Hangi kooperatife karşıyım? Keyfi olarak aldı kooperatiflerden ve inşaatları yapma kararı aldı. Kim diyebilir? Buradaki insanların dairelerine kavuşması dışında ne amacımız olabilir. Durup durup bu lafları etmenin ne âlemi var?
‘BÜYÜKŞEHİRİN GÖRÜŞÜ KAMU ZARARI YOKTUR’ BELGESİ SADECE BİR BİRİMDEN GELEN YAZI
Bir başka konu var; mahkeme dosyasına bir belge sunuldu. O belgede İZBB’nin görüşü, ‘Bu olayda kamu zararı yoktur.’ Bu belge iç yazışmalarından bir yazıdır. Hukuk birimi savcılığın yazısı üzerine ilgili birimlere; ‘Sizin görüşünüze göre bu olayda belediyemiz bir kamu zararına maruz kalmış mıdır kalmamış mıdır?’ diye soruyor. Sadece bir birimden gelen yazıdır. Bu yazı kurumun kesinlikle nihai kararı değildir. Bizim onayımız dışında dava dosyasına konmuştur. İdari teamüllere ve hukuka uygun olmayan şekilde İZBB’den dışarı çıkarılmış ve dosyaya maalesef konmuştur. Şu anda İZBB’nin görüşü diye sunulan belge nihai kanaatimiz değildir.

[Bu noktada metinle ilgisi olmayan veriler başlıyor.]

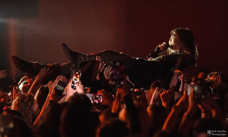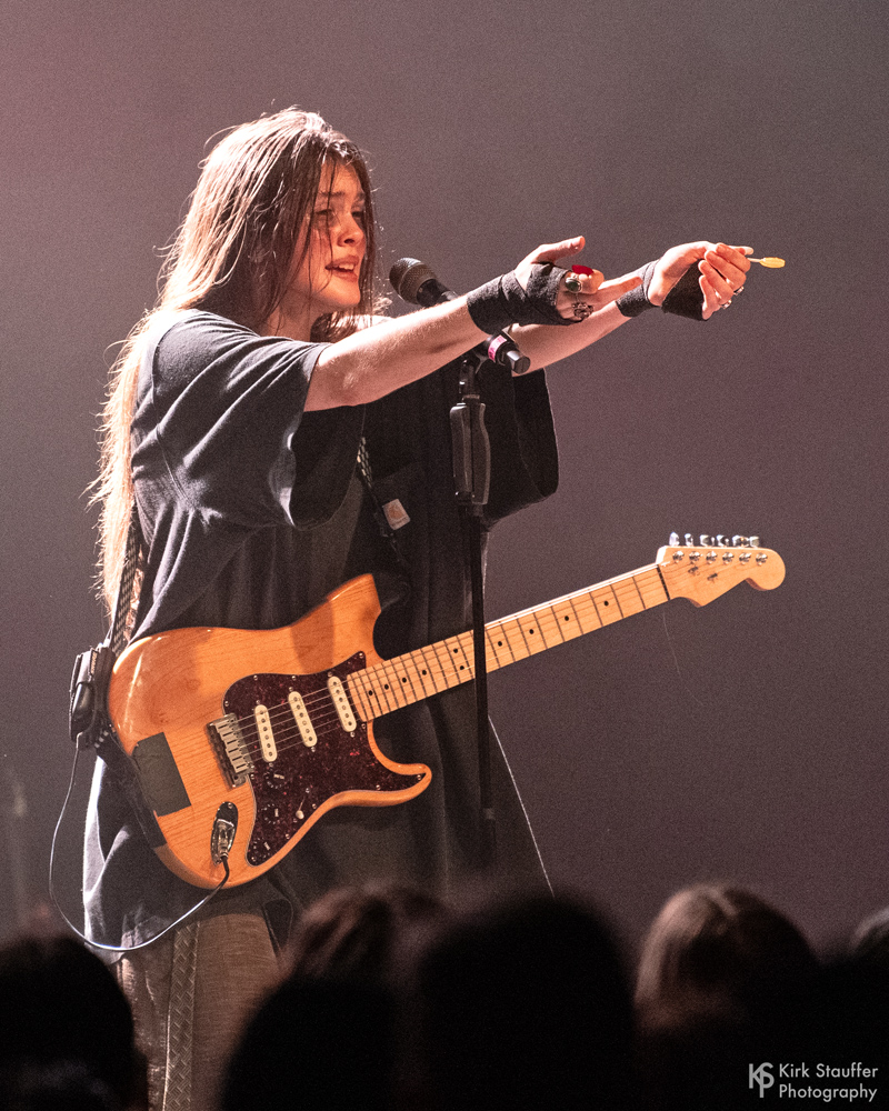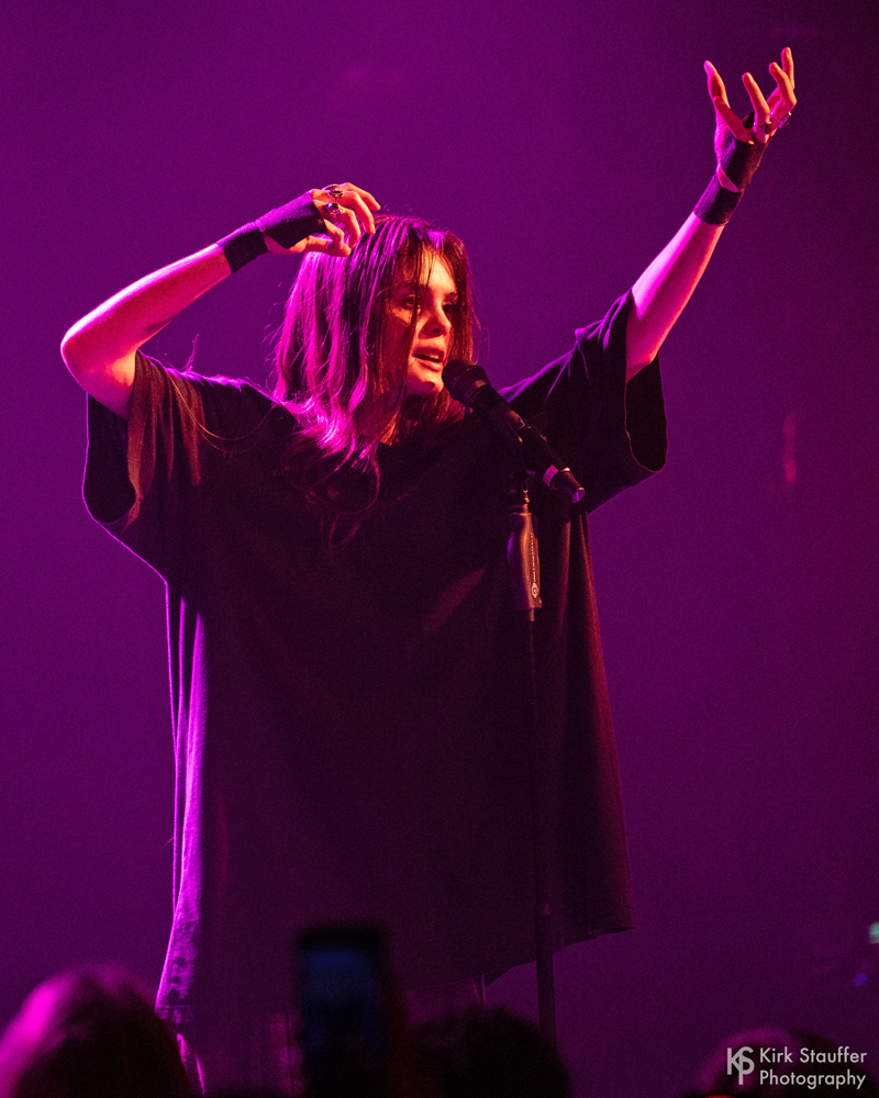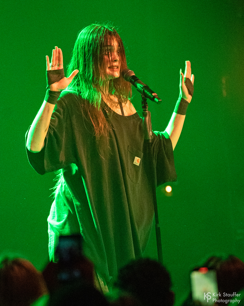 Sofia Isella headlined at the Showbox in Seattle near the end of her current You’ll Understand More, Dick tour. The intimate performance was just Sofia and the engaged audience – no backing band – while she supplemented her prerecorded songs with guitar, violin, bass, and piano. The connection with the crowd was further underscored as she walked among them while singing “All of Human Knowledge Made Us Dumb“ and later crowd surfed during “Sex Concept”. Los Angeles-based singer-songwriter Ayleen Valentine opened.
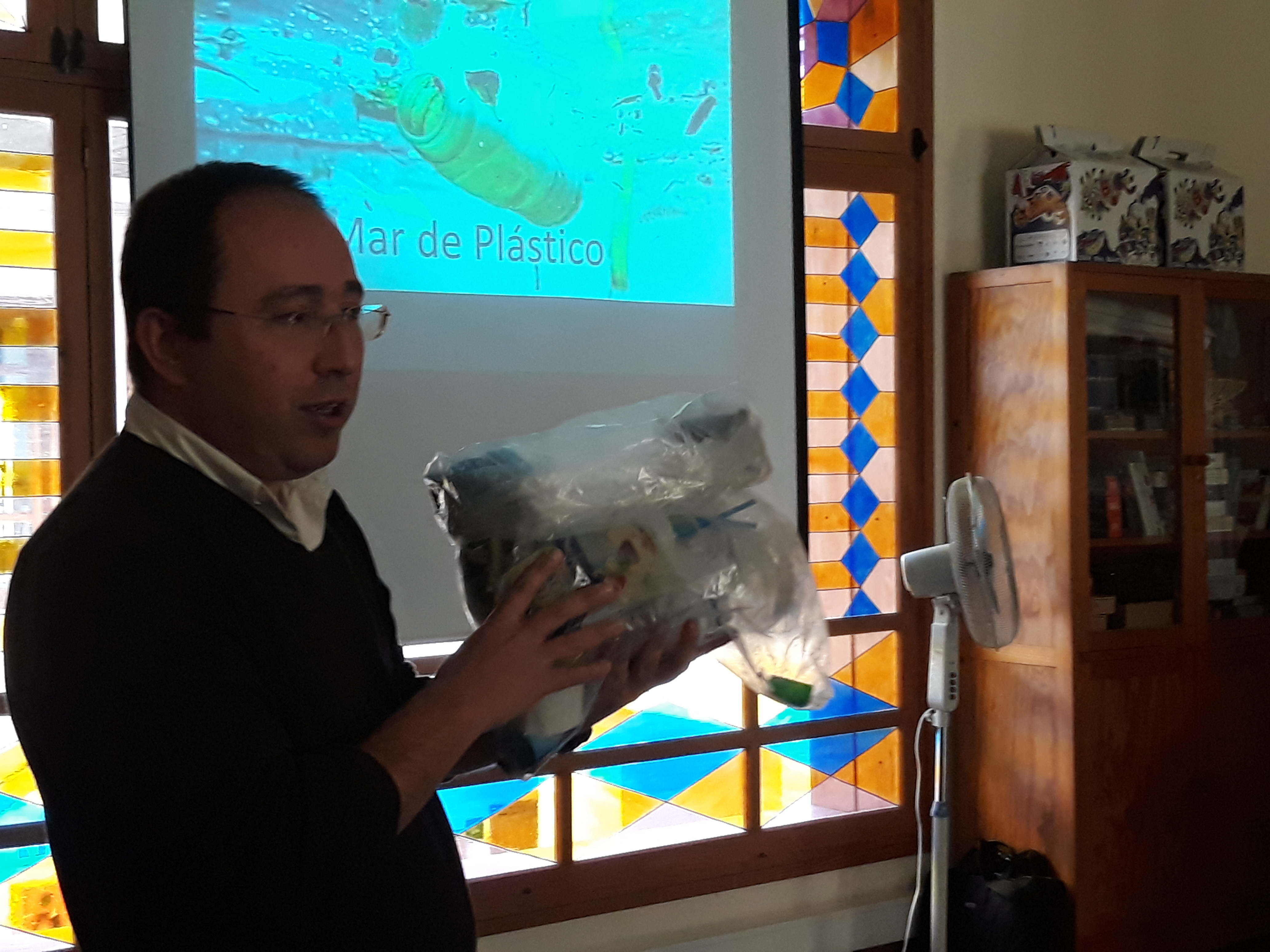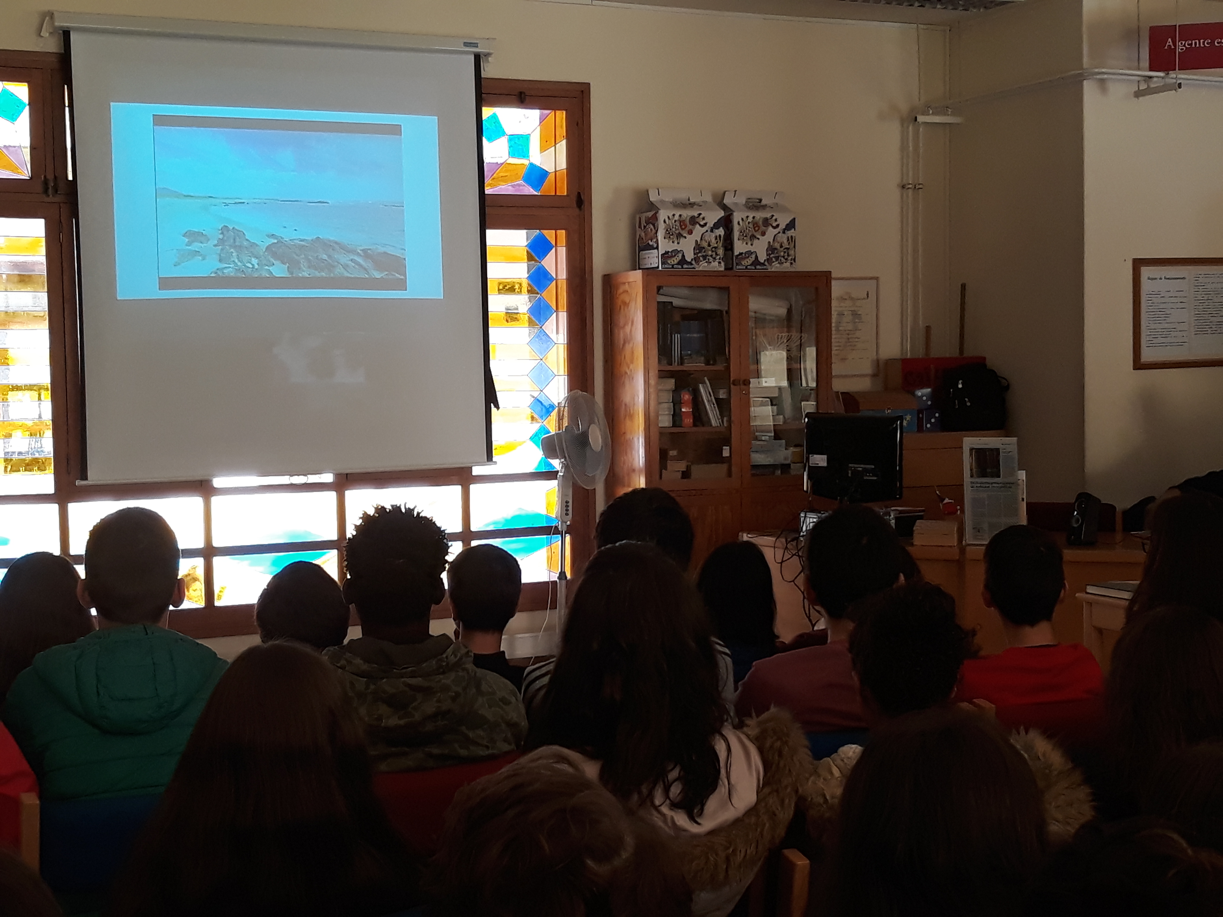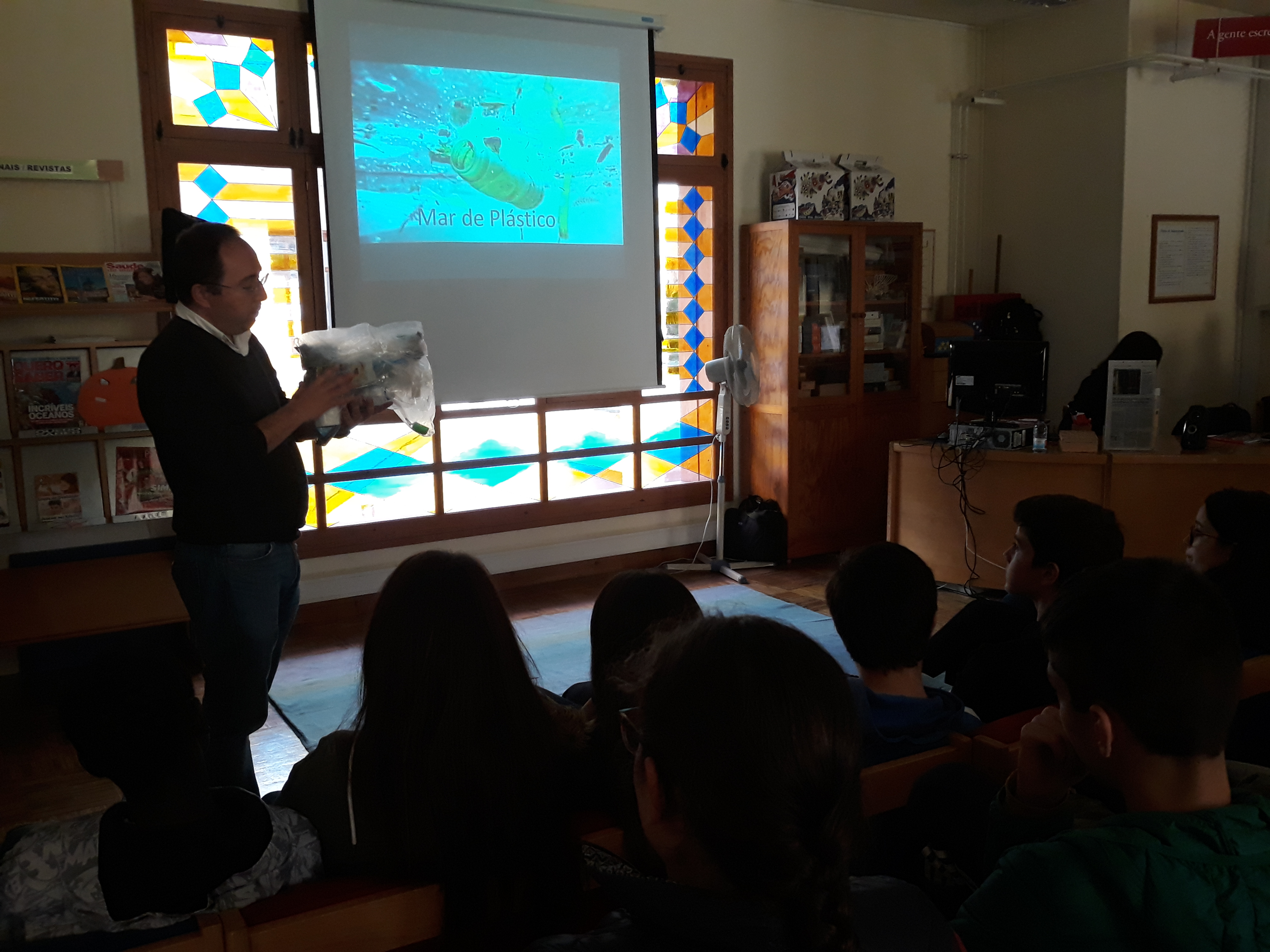 Palestra sobre os perigos que atualmente incidem sobre os oceanos, incidindo posteriormente na problemática dos plásticos por nos parecer ser a mais atual e relevante para os nossos alunos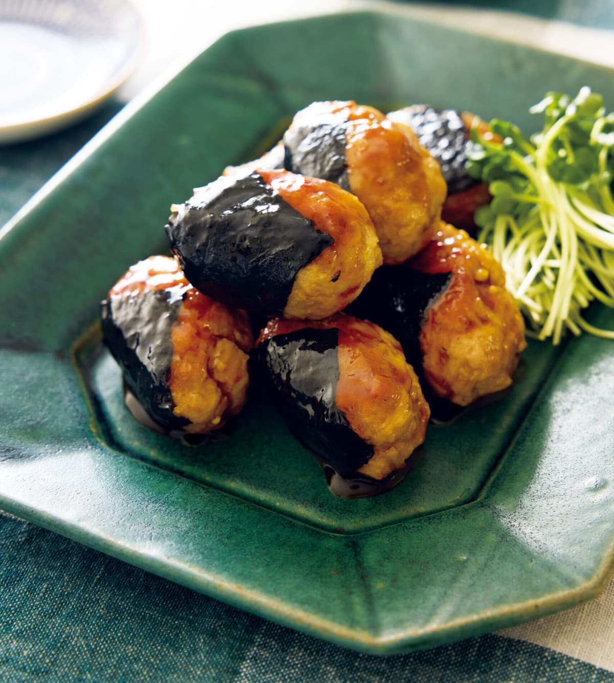 えのきは石づきを切ってから長さ1cmに切り、根元のほうはほぐす。貝割れは根元を切る。焼きのりは8等分に切る。ボールにひき肉、えのきを入れ、Aを加えて練り混ぜる。粘りが出たら8等分にしてたわら形にまとめ、焼きのりを巻く。Bは混ぜる。

MESNETSİZ İFTİRAYA MARUZ BIRAKILMAMAYI İSTİYORUM; SORUNU ÇÖZMEYE ÇALIŞIYORUZ
Herhangi bir kişi tarafından bundan sonra böyle mesnetsiz iftiraya maruz bırakılmamayı özellikle istiyorum. Biz sorunu çözmeye çalışan insanlarız. O inşaatları biz ihale etmeseydik hiçbirisi yapılmayacaktı.
İNŞAATLAR YA HİÇ YAPILMADI YA DA YÜZDE 1-2 SEVİYESİNDE
Biz geldiğimizde kimsenin elini kolunu tutmadık. İnşaatlar ya hiç yapılmadı ya da yüzde 1-2 seviyesinde. Sözleşme süreleri bazılarının da dolmuştu. Müfettişe, ‘Kendi kafama göre davranacağım’ deseydim yine bu inşaatlar bitmeyecekti. Bizden hesap soracaktı hak sahipleri. Anlamsız konuşanlar kendilerine gelsinler.
SEBEP OLMADIĞMIIZ HATALARI DÜZELTMEYE ÇALIŞIYORUZ
Bizim sebep olmadığımız hataları düzeltmeye çalışıyoruz. Kimse bizi bu şekilde suçlayamaz. İzmir halkına ahlakla inanarak hizmet etmeye devam edeceğiz. Bu olayda çöp ve atıkta da.

BAKANLIKLA DA UYUMLU ÇALIŞMAK ZORUNDAYIZ
Bakanlıkla da uyumlu çalışmak zorundayız. Zaman zaman iktidar partisinin İzmir milletvekili, il başkanıyla diyalog kurmak zorundayız.
KAPALI KAPILAR ARDINDAN HANGİ GÖRÜŞME İÇİNDE OLMUŞUZ?
Kapılar kapılar ardında kimseyle bir görüşme yapmıyoruz. Kavga etmek değil, sorunu çözmeye odaklanarak insanlarla görüşüyoruz. Kapalı kapılar ardında hangi görüşme içinde olmuşuz? Katı atık sorununu konuşmak kapalı kapılar ardında değil. Kimseden ahlaksız isteğimiz olmadı. Kapalı kapılar ardında konuşuyorsak bunun nedeni bu konunun siyasileşmemesi.
MALİYE BAKANI İLE GÖRÜŞTÜ, AK PARTİ’YE GEÇECEK DİYE LAF ÇIKARDILAR
‘Maliye Bakanı ile görüştü, AK Parti’ye geçecek’ diye laf çıkardılar. İzmir’in atık, çevre sorunları siyasete alet edilmesin. Herkesten yardım isteyeceğiz, yardım eden herkese de teşekkür ederiz.”